Bill Burr wrote the manual on how to create a secure password for your internet-based accounts. It said that your password should be a collection of numbers and characters and you need to change in every 90 days. But now, 15 years later, Burr has told the Wall Street Journal that he was wrong. There is a better way for the password.
Those passwords with random numbers, uppercase letters or special characters are pretty easy for a computer programme or hacker to crack, even if they are tough for us to remember.
Research has shown that, in fact, these passwords can be cracked by a computer in as little as two or three days. Changing your password regularly can also make you likely to choose easier ones because you are constantly having to remember something new.
How to create a secure password today
The good news is that there is an alternative and it is probably easier for humans.
Instead of using a standard one-word password with a range of characters use a longer password or better still, create a passphrase.
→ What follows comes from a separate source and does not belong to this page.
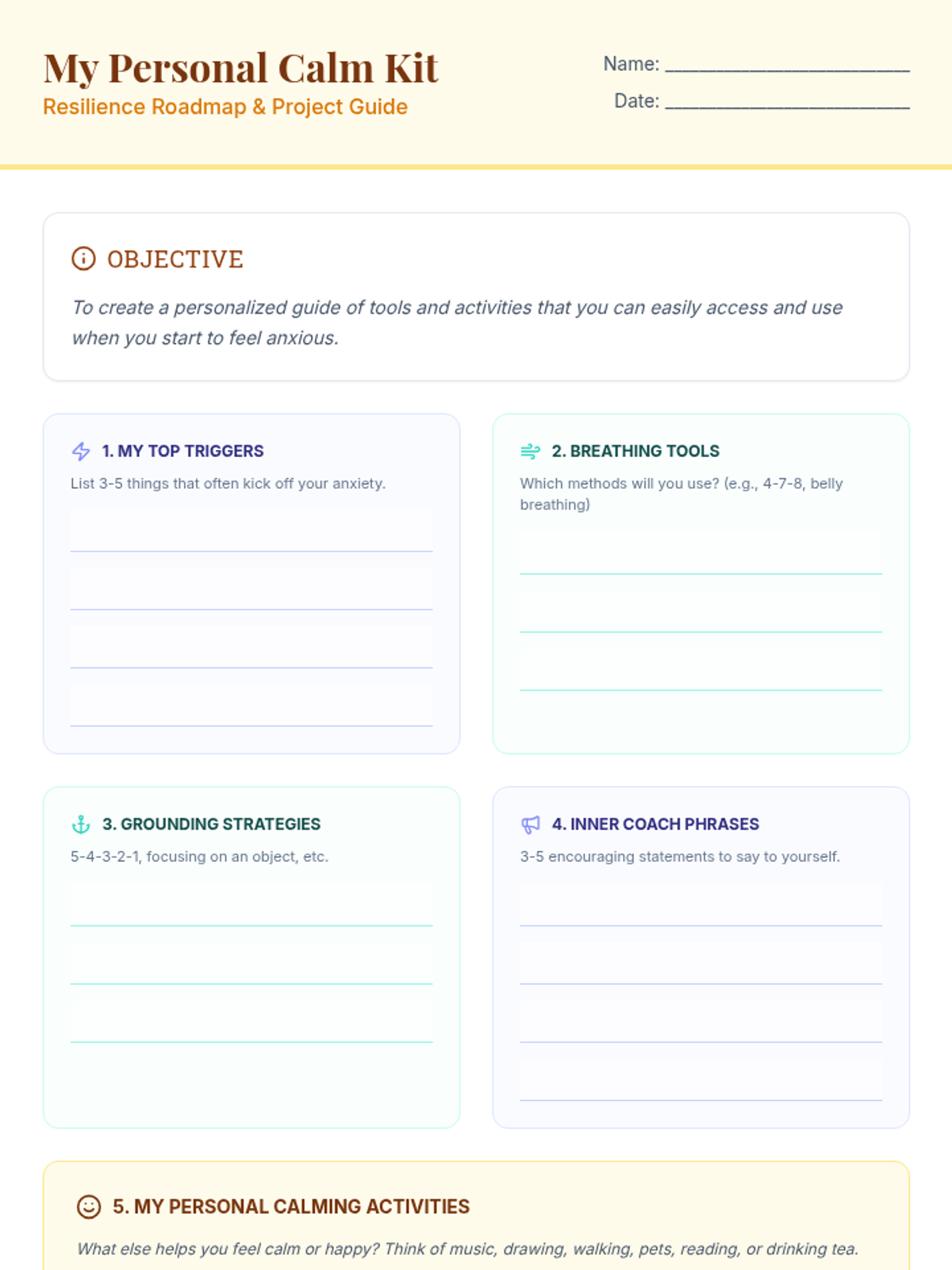 A 6-session counseling group designed to help students identify triggers, understand physical symptoms of anxiety, and build a personalized toolkit of coping strategies through a 'Calm Explorer' theme.

This is a string of words with or without spaces in-between. Research shows that a password like this can take around 550 years to guess.
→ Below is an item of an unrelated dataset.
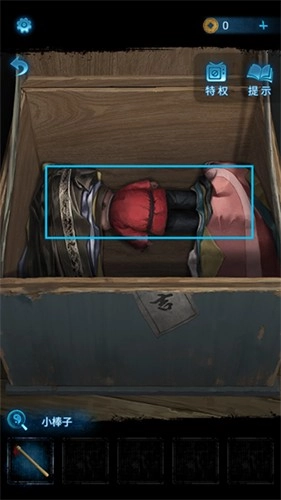 11、进入里屋,在箱子上拿到【小棒子】,并观察纸张上的红色图案信息。

Some tips for creating a good password or passphrase
If you are planning to reset your passwords for your WordPress login or other accounts now, here are some tips…
- Use at least four words in your passphrase or make your password 8-10 characters at the very least.
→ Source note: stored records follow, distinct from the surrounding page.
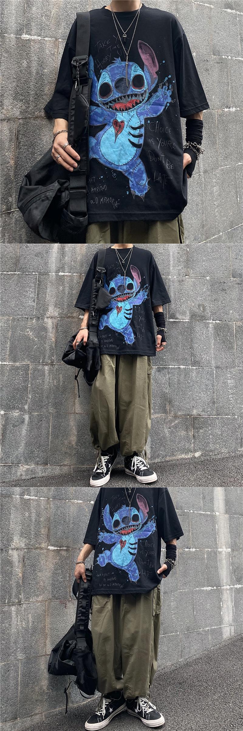 レディーストレンド韓国ファッションスタンダードプリントTシャツ夏服ルーズトップス レトロ 夏物 ボーイズ デーモン60876104801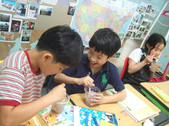 This week in class we made worm cups, and the kids LOVED it! In a cup you put chocolate ice cream for the mud (usually you use pudding but I couldn't find that in Korea) then add crushed up oreos for the dirt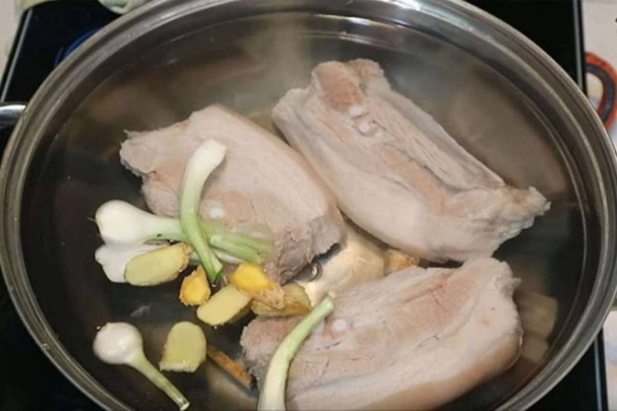 Sau đó, bạn đun sôi một nồi nước khác và bỏ miếng thịt vào luộc cho đến khi thịt chín. Chắc chắn, bạn sẽ có món thịt lợn luộc thơm ngon, hấp dẫn và đẹp như ý.

- Use a random selection of words. But make it memorable – think of something you could picture in your add.
- Think about adding some capitals or symbols or shortening one word to make it even harder to guess
- Pick a phrase that is common, such as a well-known book quote or song lyric
- Use anything too personal that someone could guess from your online profiles
- Use repeated patterns or sequential numbers or letters
- Write your passwords down
If you have multiple online accounts, you should still have a separate password for each one. If you have trouble remembering many passwords, then think about using a password manager to secure your accounts for you. And if you are entering passwords or passphrases online make sure the site you are using is secure.